There are other countries that if you had a preexisting condition and let's say the virus caused you to go to the ICU and then have a heart or kidney problem some countries are recording that as a heart issue or a kidney issue and not a COVID-19 death. Right now we are still recording it and we will I mean the great thing about having forms that come in and a form that has the ability to mark it as COVID-19 infection the intent is right now that those if someone dies with COVID-19 we are counting that as a COVID-19 death."
https://www.realclearpolitics.com/vi...-19_death.html
In context it sounds like Dr. Blix is concerned about the ways deaths are counted, but not a big concern about that those items are inflating the numbers, if anything a later report did find even Fauci agreeing that the numbers are not inflated, but that under counts are still more likely.

https://www.nytimes.com/2020/05/22/u...eath-toll.html
Quote:
Epidemiologists are also rethinking their tabulations, but not in ways the White House would like. They have increasingly compared recent totals of deaths from all causes, which provide a more complete picture of the pandemic’s impact than tracking only deaths of people with confirmed diagnoses.
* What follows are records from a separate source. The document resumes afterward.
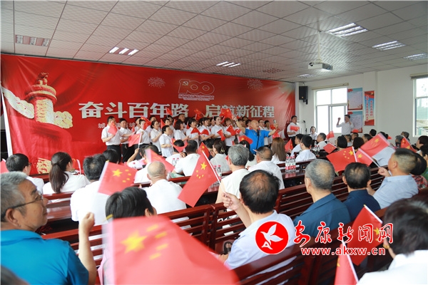 慶;顒幼詈,全場黨員和群眾揮動手中的五星紅旗,一起合唱《我和我的祖國》表達了對偉大祖國的無限熱愛之情,活動在歡快的音樂節(jié)奏中結(jié)束。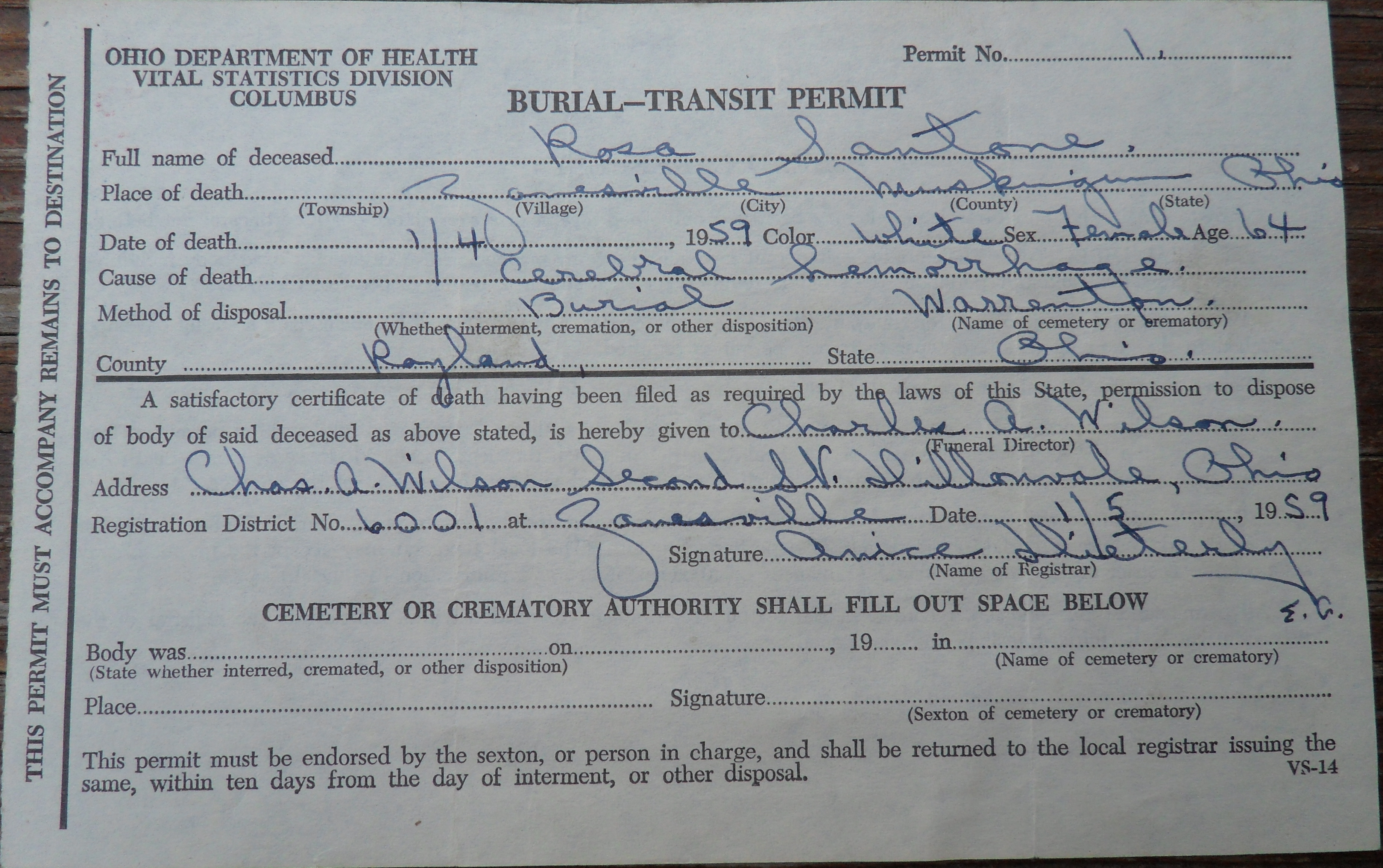 SANTONE, Rosa Burial Transit Permit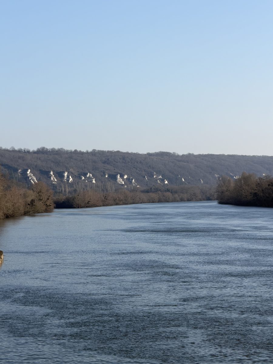 Perched above a wide bend in the Seine, La Roche-Guyon stands like a stone sentinel. Its castle, literally carved into the rock, dominates the village, though it remains inaccessible to us, closed for winter. That is also part of traveling between Christmas and New Year: shuttered windows, silent shops, nearly deserted streets. Yet far from disappointing, this quiet gives the place an added charm. With only a few hundred inhabitants, the village seems frozen in time, nestled at the foot of the castle as if time itself had paused.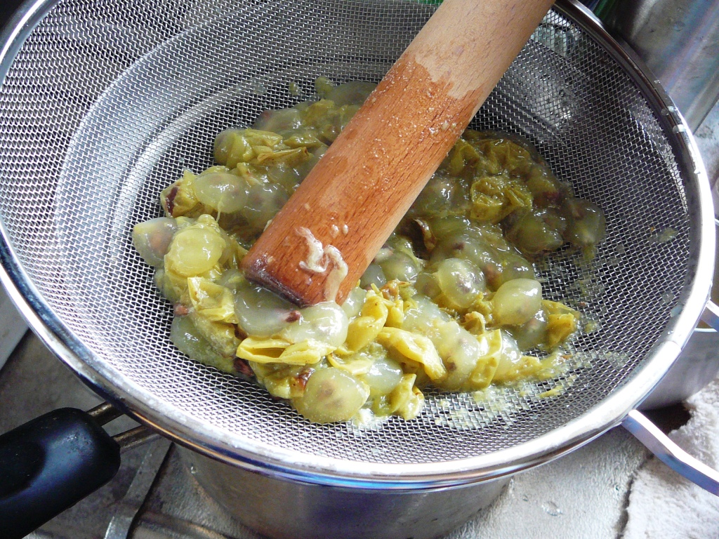 ④ざるに、煮たブドウをあけて、すりこ木で実をつぶして種だけをとる。

Fatalities in the gap between the observed and normal numbers of deaths are called “excess deaths.” A study of mortality statistics in New York City showed more than 24,000 excess deaths from March 11 to May 2.
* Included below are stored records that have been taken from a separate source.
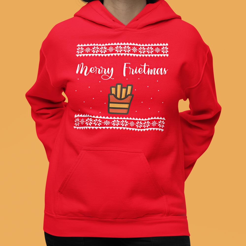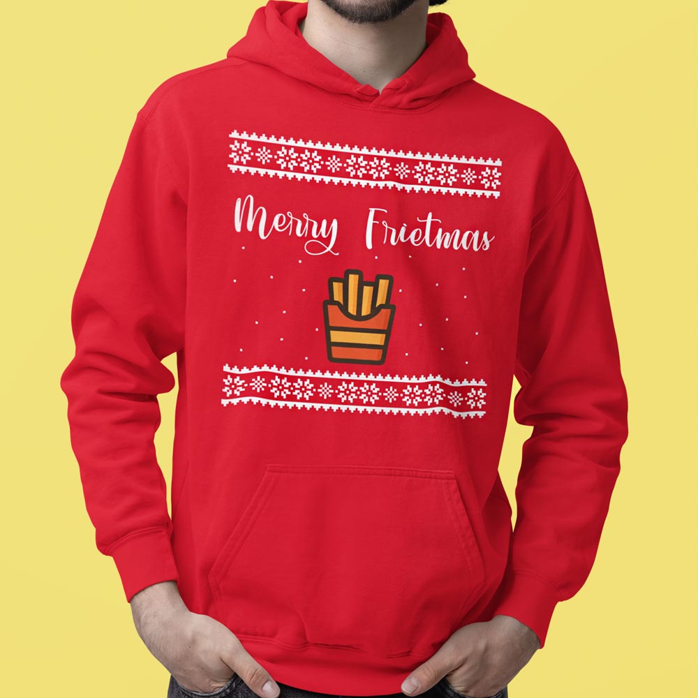 Foute Kerst Hoodie Rood "Merry Frietmas"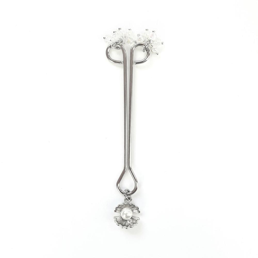 Затискач для клітора перлина з мушлею та кристалами Art of Sex — Margie clit clamp, Срібло — оригінальний та естетично привабливий затискач у морській тематиці, має дуже ніжний та жіночний вигляд. Підвіска з перлиною прикрашає затискач і рухається в одному темпі з тілом своєї власниці. Затискач має регулятор, щоб змінювати силу стиснення на ваш смак, а також оснащений силіконовими накладками для більш безпечного використання.
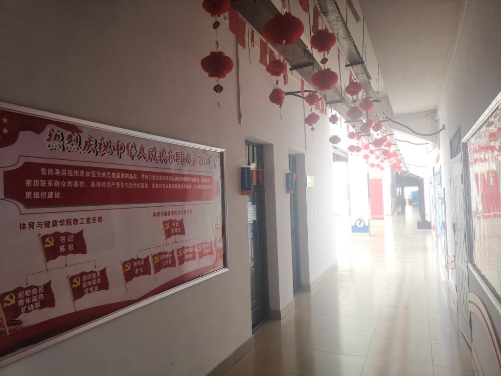 为庆祝中华人民共和国成立70周年,体育与健康学院师生们认真做好校园宣传和氛围营造工作,近期对学院内部进行了环境布置。

Mr. Trump is hardly the only politician uncomfortable with the official coronavirus counts. Jared Polis, Colorado’s liberal Democratic governor, said on “Fox News Sunday” that “the C.D.C. criteria include anybody who has died with Covid-19, but what the people of Colorado and the people of the country want to know is how many people died of Covid-19.”

Last Friday, Colorado’s health department revised its death toll downward, forming two categories to account for what it said were patients who had Covid-19 but died from other causes.

Trying to separate the cause of death in coronavirus-infected patients is “ludicrous,” said Dr. Alicia Skarimbas, a physician in Bergen County, N.J., who has treated around 75 Covid-19 patients.

“I have yet to have anyone infected with Covid die from anything else,” she said.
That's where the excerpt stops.